Candidate SNP identification and analysis
Multiple sequence alignments were scanned to identify polymorphic columns. To calculate the probability of these sites being true polymorphisms as opposed to sequencing errors, we have used the software package PolyBayes, version 5 [4]. PolyBayes, uses a Bayesian statistical framework that relies on allele frequency, alignment depth, and base quality values amongst other attributes to calculate a probability score. Because chromatogram trace data is not available for many of the sequences in this release, we have devised a scoring strategy that uses arbitrary base quality values. These quality values are different depending on the sequence origin/type. Sequence bases obtained from the T. cruzi CL-Brener genome (∼ 19X shotgun coverage) were arbitrarily assigned a base quality value of 40; those from GenBank records, a value of 30 (individual submissions); and those from dbEST, a value of 20 (single-pass, unedited). Using this scoring scheme, a single base from an EST differing from two allelic variants of CL-Brener reference sequence (depth = 3) would give a probability of 0.22 of being a true SNP (see for example SNP 4028216). To analyze the effect of each SNP on the corresponding protein product, we anoted the codon position of the SNP in each reference coding sequence and evaluated the change introduced by the polymorphic base. Also, for a subset of the alignments (those containing coding sequences of similar length, with indels being a multiple of 3) we calculated dN and dS values[5] using BioPerl's population genetics modules [6].

[1] El-Sayed N, Myler P, Bartholomeu DC, et al. (2005) The genome sequence of Trypanosoma cruzi, etiologic agent of Chagas disease. Science, 309(5733), 409–415
[2] Franzén O, Ochaya S, Sherwood E, Lewis MD, Llewellyn MS, Miles MA, Andersson B. (2011) Shotgun Sequencing Analysis of Trypanosoma cruzi I Sylvio X10/1 and Comparison with T. cruzi VI CL Brener. PLoS Negl Trop Dis 5(3), e984.
[3] Aguero, F., Verdun, R. E., Frasch, A. C., and Sanchez, D. O. (Dec, 2000) A random sequencing approach for the analysis of the Trypanosoma cruzi genome: general structure, large gene and repetitive DNA families, and gene discovery.

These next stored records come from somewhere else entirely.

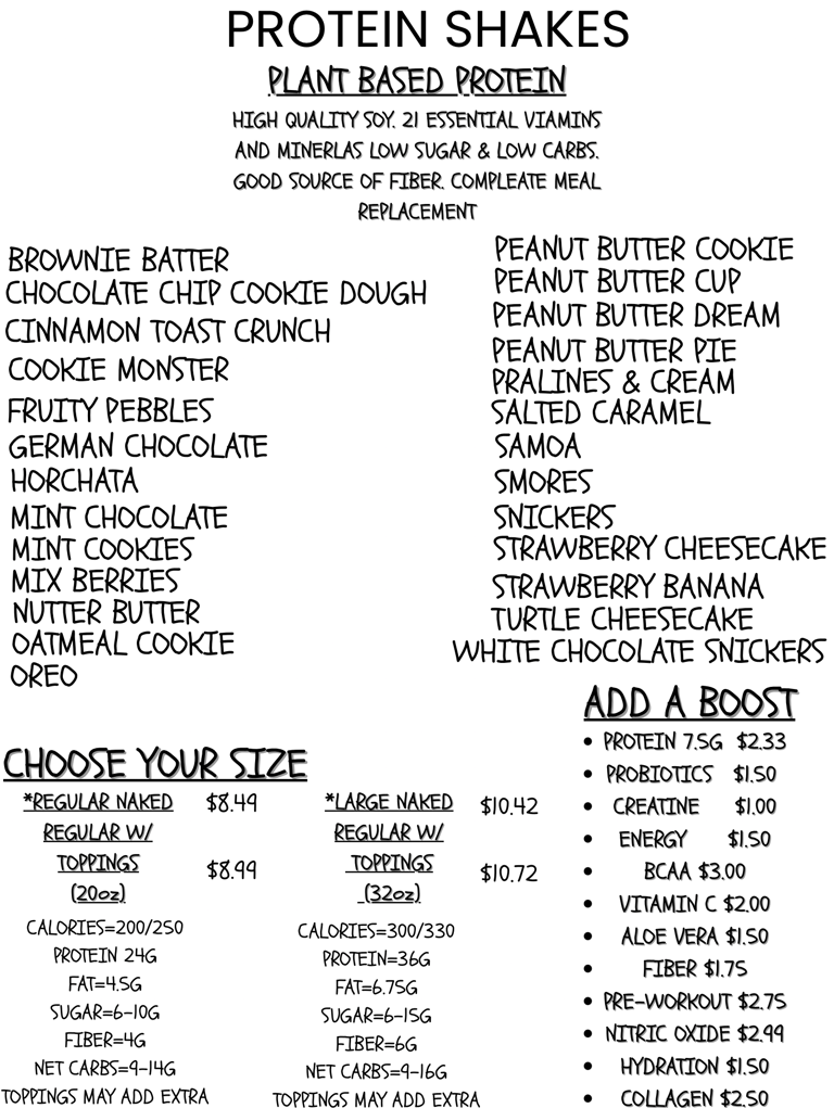Regular 24g plant based protein, 200-250calories Large 35g plant based protein, 300-350calories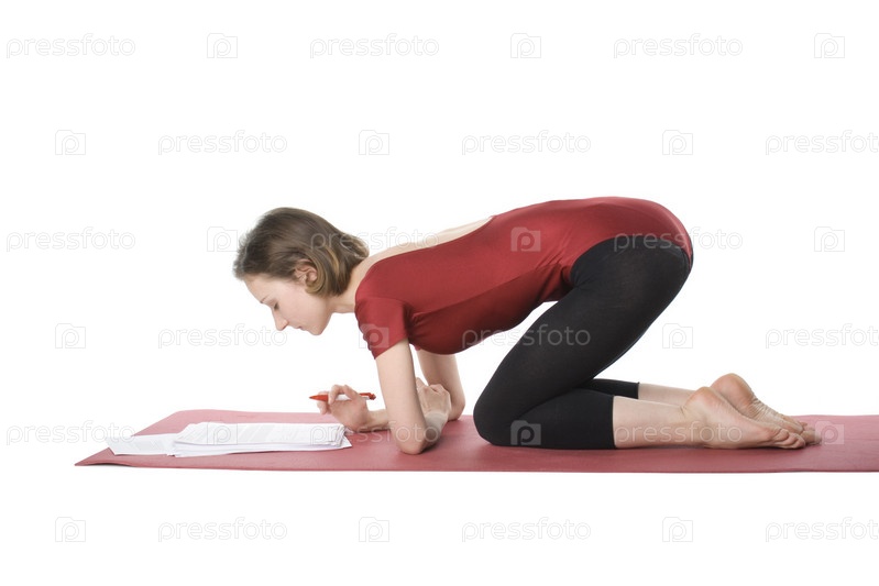 Молодая женщина в спортивной одежде работает с документами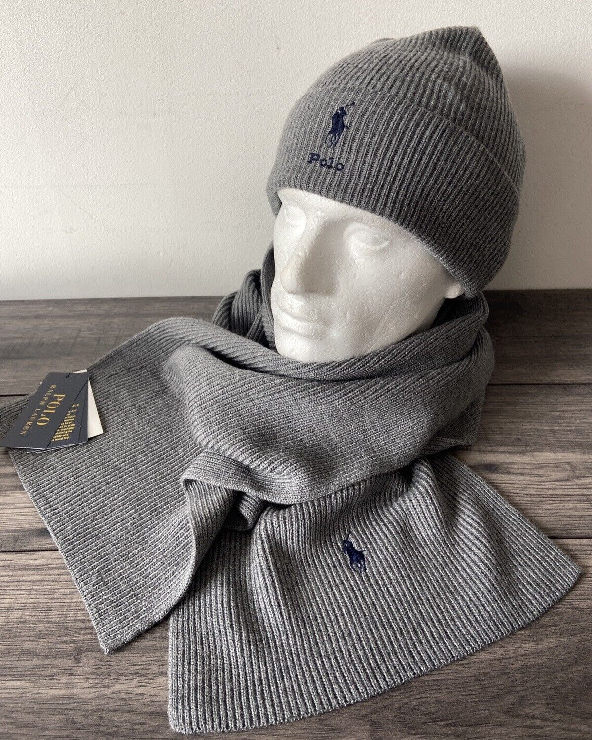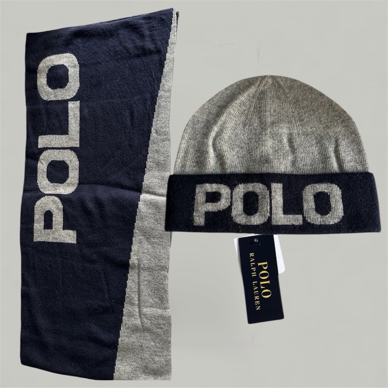 POLO RALPH LAUREN Wool Blend Navy Grey Scarf Beanie Hat Gift Set GENUINE ~ BNWT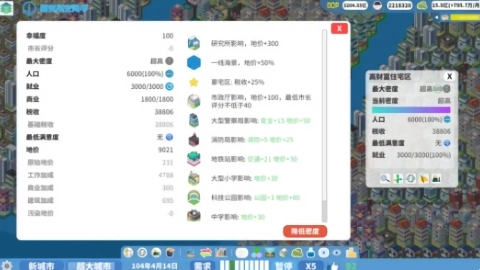 1、地价系统:游戏的核心玩法是,地价受商业区与办公区的双重辐射影响,再搭配完善的市政设施,以此打造城市的价值高地。
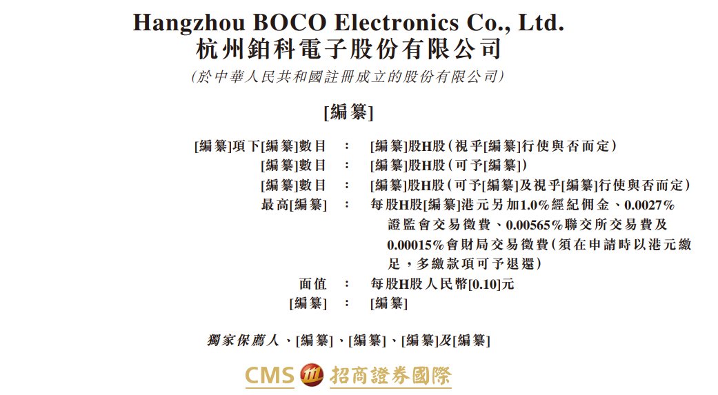 獨家保薦人、[編纂]、[編纂]、[編纂]及[編纂] CMS 2 招商證券國際 Hangzhou BOCO Electronics Co., Ltd. 杭州鉗科電子股份有限公司 (於中華人民共和國註冊成立的股份有限公司) [编纂] 智通财经APP获悉,据港交所1月12日披露,杭州铂科电子股份有限公司(简称:铂科电子)向港交所主板递交上市申请,招商证券国际为其独家保荐 人。招股书披露,铂科电子是全球领先且中国第一大的高性能算力服务器电源供应商,为广泛的工业、消费及商业电能转换应用赋能。根据弗若斯 特沙利文的资料,按2024年源自高性能算力服务器电源的收益计,公司在全球及中国内地算力服务器电源市场的份额分别为8.9%及18.9%。公司的 产品主要服务于专用算力(即 为特定目的或功能执行计算任务)及 AI算力(目前主要使用为实现通用目的而设计的图形处理器(「GPU」)),满 足对输出功率、效率、功率密度及可靠性的严格要求。 [编纂]股H股(視乎[编纂]行使與否而定) [编纂]項下[编纂]數目 : [编纂]數目 : [编纂]股H股(可予[编纂]) [编纂]數目 [编纂]股H股(可予[编纂]及視乎[编纂]行使與否而定) ...
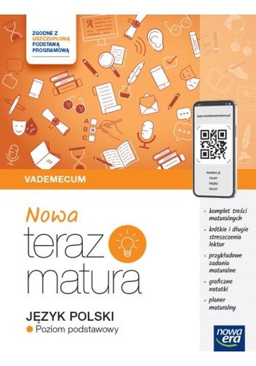 Opis produktuZasady bezpieczeństwaAutorzy: Hanna Moszczeńska, Marianna Gutowska, Zofia Kołos, Jan Jończy, Anna Polińska i inni Vademecum ,,NOWA Teraz matura. Język polski"" pozwala powtórzyć treści przedmiotowe oraz zapoznać się ze sposobami rozwiązywania zadań egzaminacyjnych. komplet wymaganej teorii i wiedzy o lekturach w jednym miejscu Dostęp do zasobów cyfrowych jest możliwy po rejestracji w aplikacji app.nowaterazmatura.pl i aktywacji kodu dostępu z publikacji. Kod umożliwia dostęp do materiałów od 1 września do 31 sierpnia następnego roku, niezależnie od dnia aktywacji. x
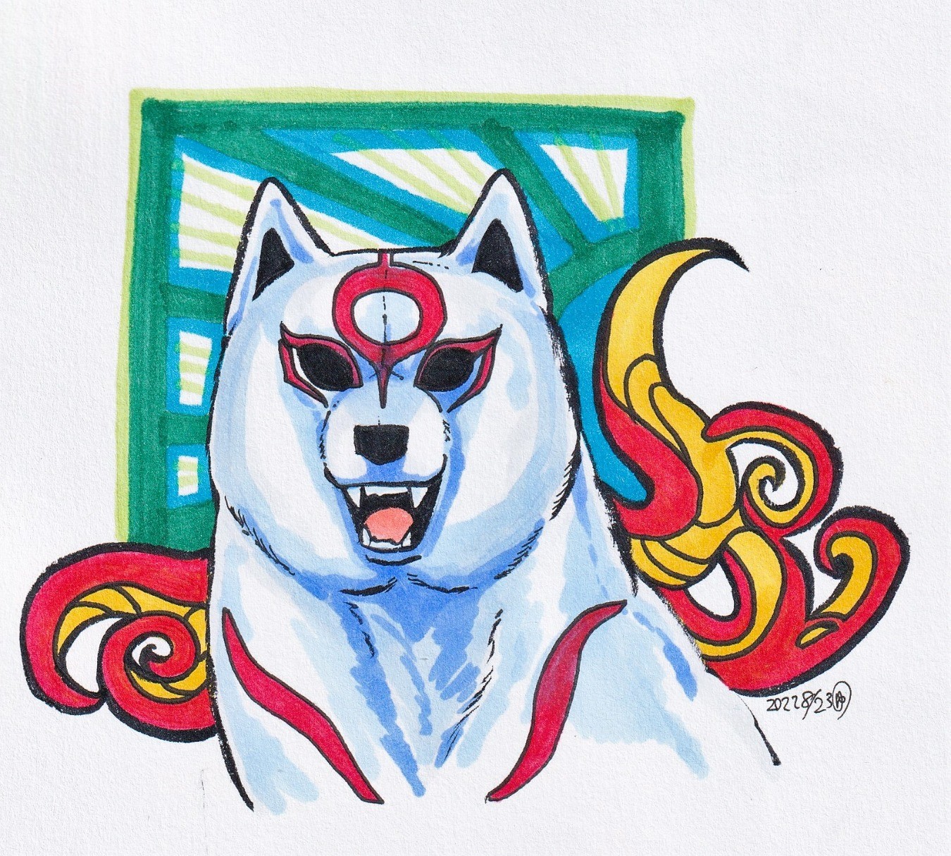 #pixivsketch #狼 #アマテラス #大神 #ファンアート #手書きブログ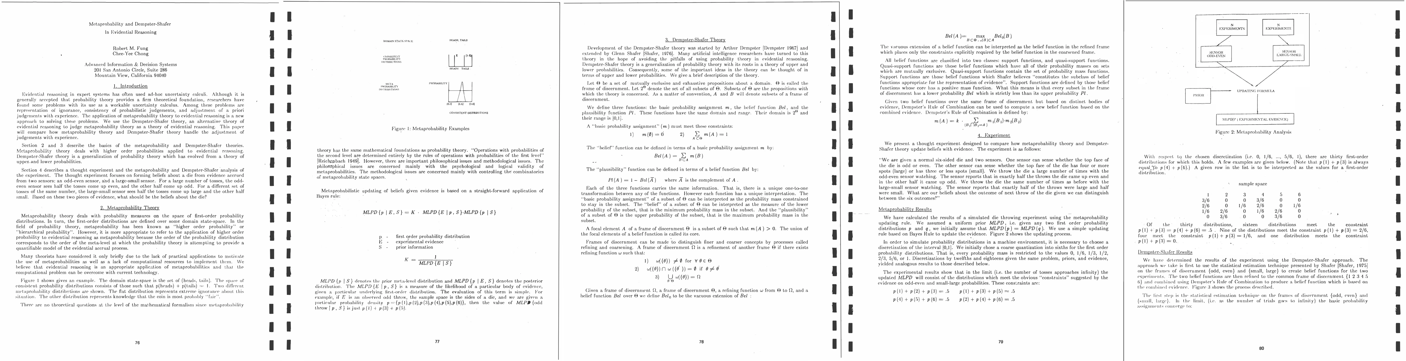 This paper explores metaprobability theory and Dempster-Shafer theory as alternatives to traditional probability theory for evidential reasoning, focusing on how they adjust beliefs with evidence. It compares both theories through a thought experiment involving a population with six types defined by three features, using two sensors to gather evidence on the features.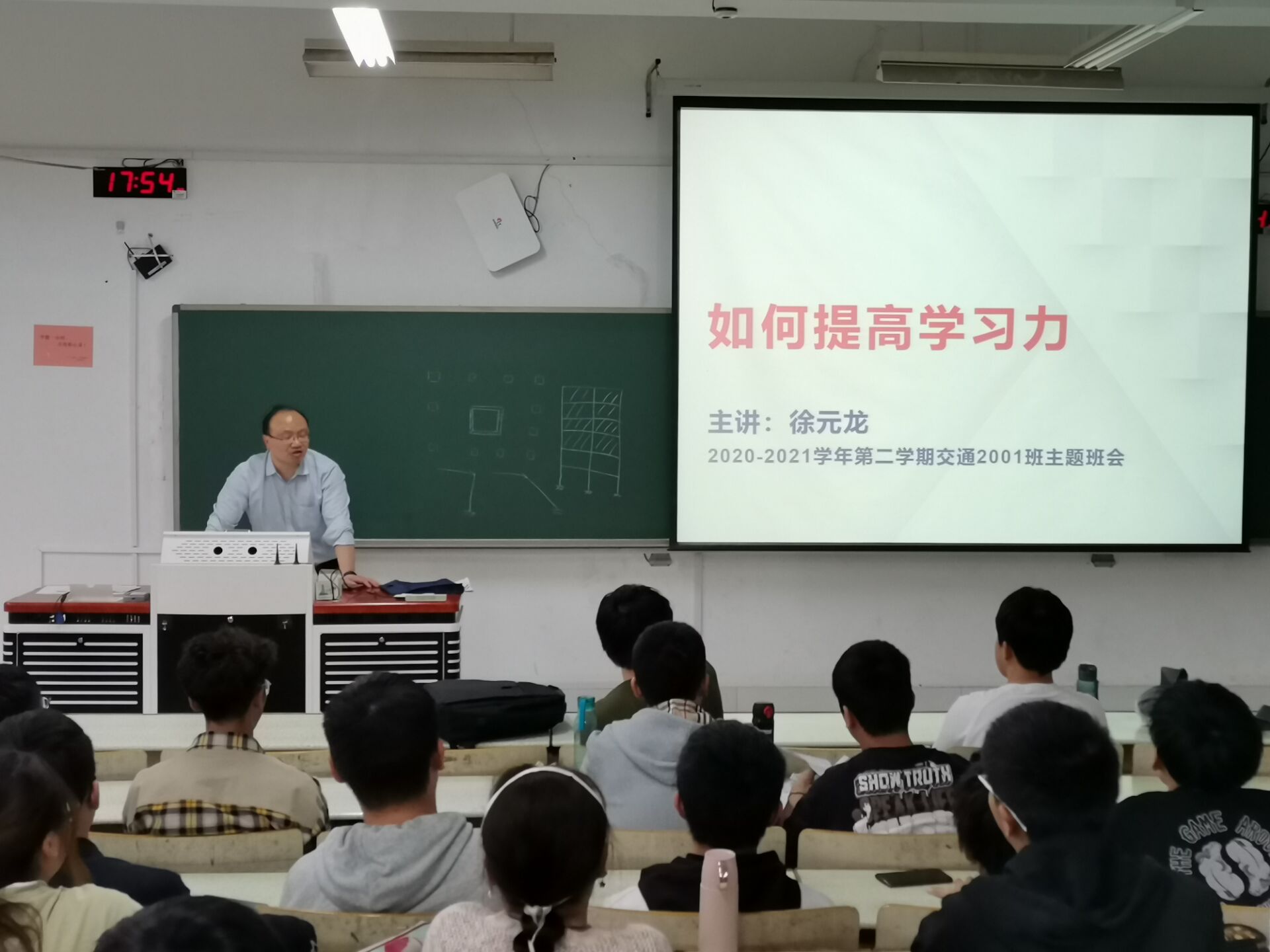 徐老师从学院2021届毕业生就业情况分析了学院各个专业就业前景,提醒同学们只有学习速度超过社会变化速度,才能在日益激烈的竞争中脱颖而出。徐老师引用近期印发的《国民经济和社会发展第十四个五年规划和2035年远景目标纲要》中明确提出的“加快建设交通强国”引导同学们要坚定理想信念,紧密结合国家和社会发展目标提升自我专业价值,围绕“如何提高学习力”鼓励同学们在一年级就培养出快速学习的能力,并向大家强调:不仅需要肯学,还要掌握科学的学习方法,做到善学来提高自身的学习效率。

Genome Res, 10(12), 1996–2005.
[4] Marth, G. T., Korf, I., Yandell, M. D., Yeh, R. T., Gu, Z., Zakeri, H., Stitziel, N. O., Hillier, L., Kwok, P. Y., and Gish, W. R. (Dec, 1999) A general approach to single-nucleotide polymorphism discovery. Nat Genet, 23(4), 452–456.
[5] Hartl, D. L. and Clark, A. G. (2007) Principles of population genetics, Sinauer Associates, Inc., Sunderland, MA, USA 4th edition.
[6] Stajich, J. E. and Hahn, M. W. (Jan, 2005) Disentangling the effects of demography and selection in human history. Mol Biol Evol, 22(1), 63–73.